I am a 55-year-old woman disabled with a chronic pain disorder. I have an extensive family history of diabetes and cardiovascular disease. I was also diagnosed with Raynaud's Disease at 12, and have a very small bladder; so several of the symptoms for me can be easily explained away. Also, I never had a weight problem until menopause.

Recently, I began gaining weight. So far I've put on 50 lbs in the past 4 months. My blood pressure has been extremely high since August 2015, along with an arrythmia, but the most alarming symptom was foot pain and burning, getting worse at night. I have decent pedal pulse, but I can't elevate or cross my levels without total numbness, my ankles and and feet are very swollen with pitting edema, and I've noticed that my calves are sometimes cooler than my feet, which are smooth, clean, heal well, but for the first time in my life have an odor.
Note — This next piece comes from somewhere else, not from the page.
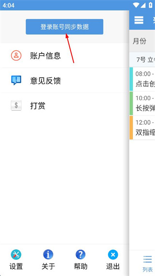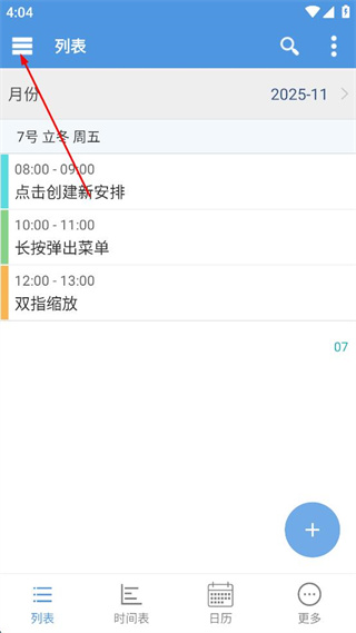 1、打開(kāi)日程管理APP列表頁(yè)面,點(diǎn)擊左上角菜單按鈕展開(kāi)側(cè)邊欄。

When I was finally able to get an appointment with a new primary physician, he ordered bloods. My fasting blood glucose was 116. My cholesterol and triglycerides were very high, I had a high serum potassium level, and my BP was off the charts when I saw him. He prescribed a beta blocker, instructed me to monitor my BP (which has continued to run very high despite the meds. As a former nurse, I know that beta blockers are more effective for arrythmias than for controlling hypertension, but due to my cluster headaches I can't take calcium blockers), and prescribed an anticholesterol drug. He also sent me for a doppler of my calves, but I haven't received the results yet, and he told me to monitor my glucose levels, except I haven't received the meter and supplies I ordered online.

So here's my question: A) Do you think I'm correct in thinking that, based on one FBS, calling me "borderline" isn't very likely considering my multiple positive signs and symptoms, and especially because how could I have complications of a disease without actually having the disease? And B) Because I'm currently living in rural Texas (tho hopefully not for long), where actually seeing a doctor is difficult even with insurance, the doctors aren't close to what I'm used to in New York, and they're all on staff at the same small hospital with offices in the same place, how aggressive should I be to get seen by an endocrinologist, at the risk of seriously pissing everyone off? I'm the farthest thing from the standard ultra-polite, passive southern patient as it is. I usually don't have a problem being in charge of my healthcare, but I've learned the hard way, especially as a chronic pain patient, that sometimes it's necessary to tread carefully.

Thank you for your input.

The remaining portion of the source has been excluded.